CVE-2024-13353

CVE-2024-13353 is a Local File Inclusion (LFI) vulnerability in the Responsive Addons for Elementor – Free Elementor Addons Plugin and Elementor Templates plugin for WordPress, affecting all versions up to and including 1.6.4. The flaw resides in several widgets, enabling the inclusion and execution of arbitrary files on the server. It carries a CVSS v3.1 base score of 8.8 (AV:N/AC:L/PR:L/UI:N/S:U/C:H/I:H/A:H) and is linked to CWE-98 (Improper Control of Filename for Include/Require Statement in PHP Program) and CWE-829 (Inclusion of Functionality from Untrusted Control Sphere).
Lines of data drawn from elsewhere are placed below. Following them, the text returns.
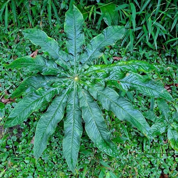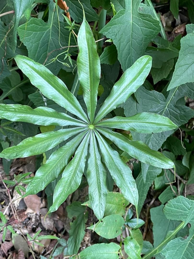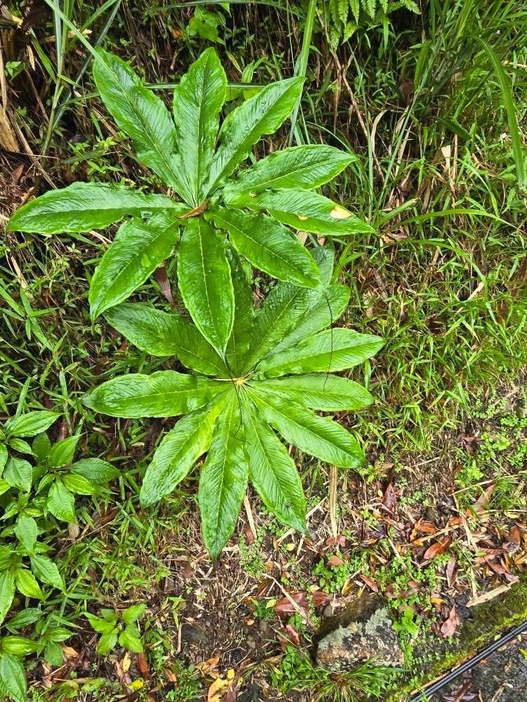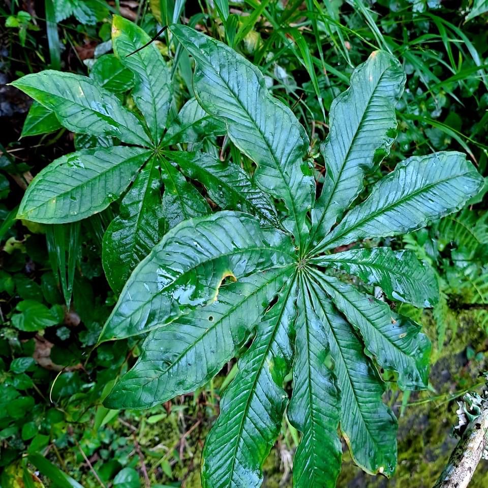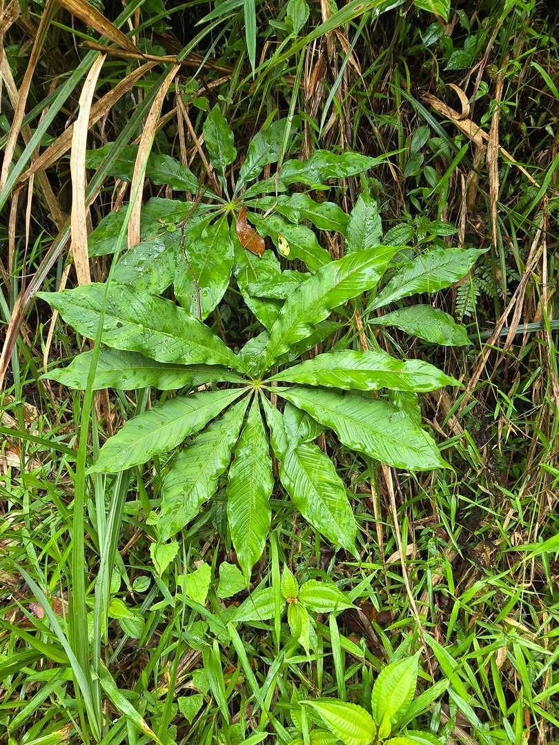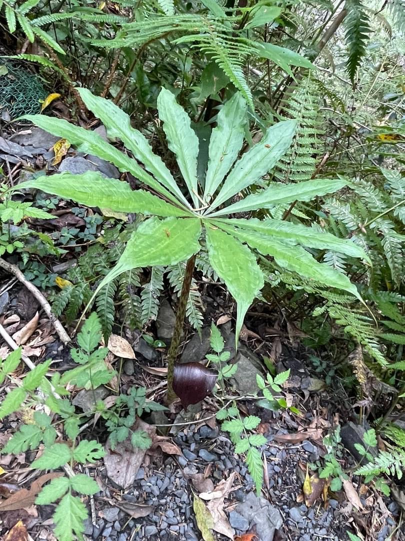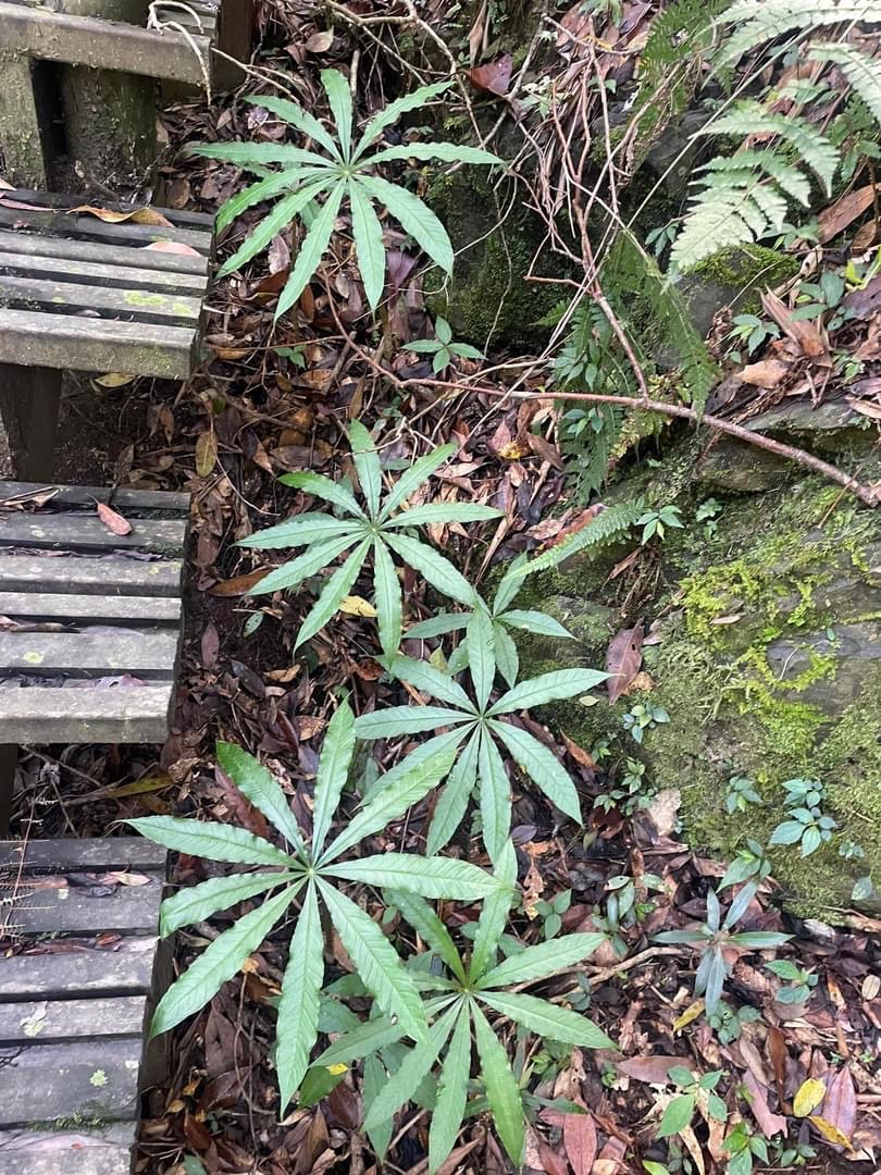 ![]() 上面照片:鄭演義拍攝 (掌狀複葉,單生;小葉約10枚或更多,倒披針形,葉面皺褶狀,先端具絲狀長尾) |
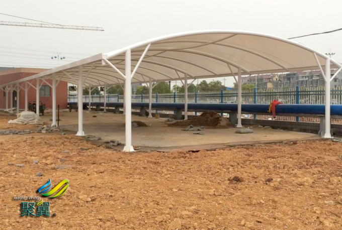 第二點:膜結(jié)構車棚的排水措施。由于膜結(jié)構車棚本身使用的膜材具有較強的張拉性能,而這種張拉性能很容易使得膜結(jié)構因為受到較大重力的擠壓作用而產(chǎn)生一定的變形,當遇到雨雪天氣的時候這種變形就會使得雨水堆積在凹處不能及時排出去,長期不僅會破壞膜結(jié)構車棚膜材而且還會導致膜結(jié)構因為受到雨水而腐蝕,嚴重影響停車棚質(zhì)量,因此在施工的時候必須做好排水措施。
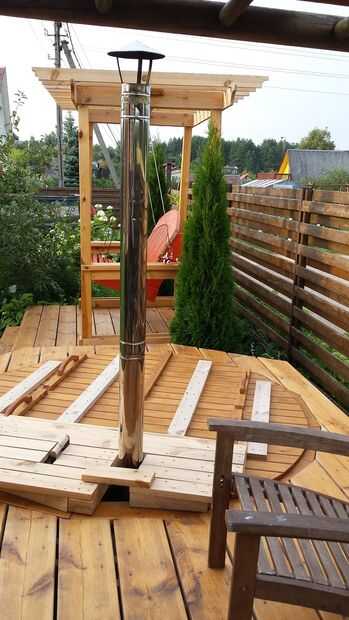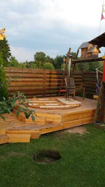Dentro de la bañera de hidromasaje es una estufa de leña. Unos 10 kgs de briquetes de madera calienta el agua bastante bien en el verano.
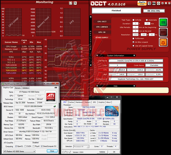 dsc_2219จัดชุดเทสด้วย i5 655K กับ HIS HD5870 กันครับ โดยที่ CPU จะมีการ Overclock ไปที่ประมาณ 4.6 GHz ด้วยไฟ CPU ที่มากกว่าปกติสาม-สี่เคาะตอนที่ตั้งใน Bios เพื่อให้ระบบดึงไฟจาก PSU มากกว่าปกติ รวมถึงตั้งเป็นมาตรฐานสำหรับเทส Heat Sink ไปด้วยในตัวครับ
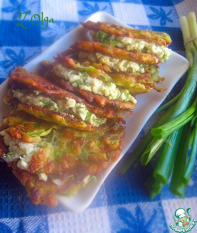 Кабачково-овсяные драники https://www.povarenok.ru/recipes/show/130067/ по рецепту Ниночки Nienulka! Кабачковые оладушки и драники в сезон готовлю довольно часто, а вот сделать их с начинкой, не додумалась! Ниночка, отличная идея! В начинку добавила ложечку сметаны)))
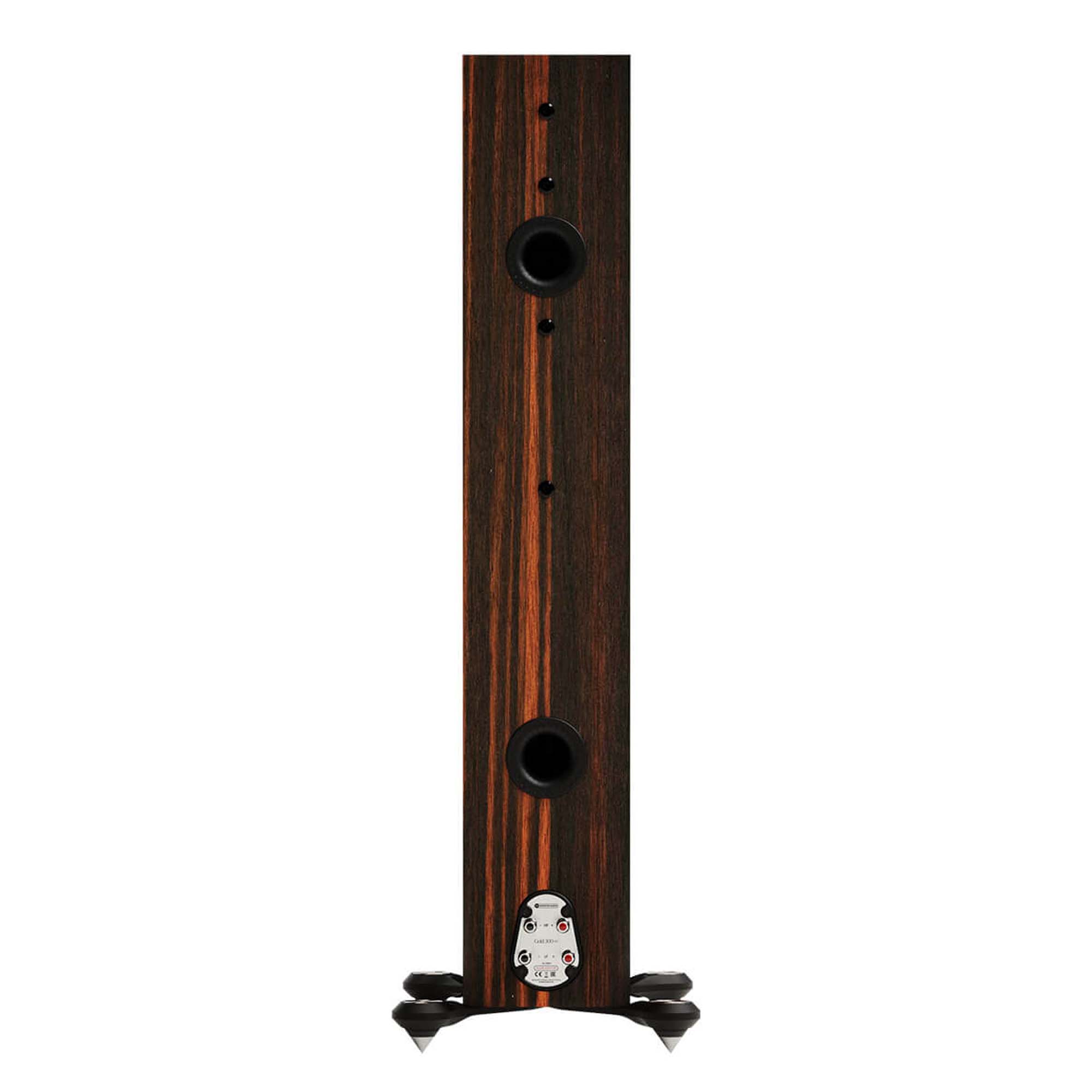The luxurious, soft-touch finish of the Monitor Audio Gold 300 cabinets exudes a premium-class look and feel. The one-bolt-through design technology enhances the mounting strength, rigidity, and driver/baffle disconnection. Custom-made magnetic grilles offer a clean visual style that is practically acoustically transparent. High-quality gold-plated bi-wire terminals are custom-made. Durable cast metal outrigger feet with spikes or rubber feet for carpet or hard floor surfaces provide a more attractive appearance and take up less floor space.

Authenticated attackers with Contributor-level access or higher can exploit this vulnerability over the network with low complexity and no user interaction required. By targeting the affected widgets, they can include arbitrary server files containing PHP code for execution, bypassing access controls, extracting sensitive data, or achieving remote code execution—particularly when "safe" file types like images with embedded PHP are uploadable and subsequently included.

WordPress plugin trac references detail patches applied in version 1.6.5 via changeset 3226779, specifically addressing vulnerable code in files such as class-responsive-addons-for-elementor-product-carousel.php (line 3151 in trunk) and class-responsive-addons-for-elementor-woo-products.php (line 3725 in trunk). Wordfence's threat intelligence advisory confirms the issue and recommends updating to the patched version for mitigation.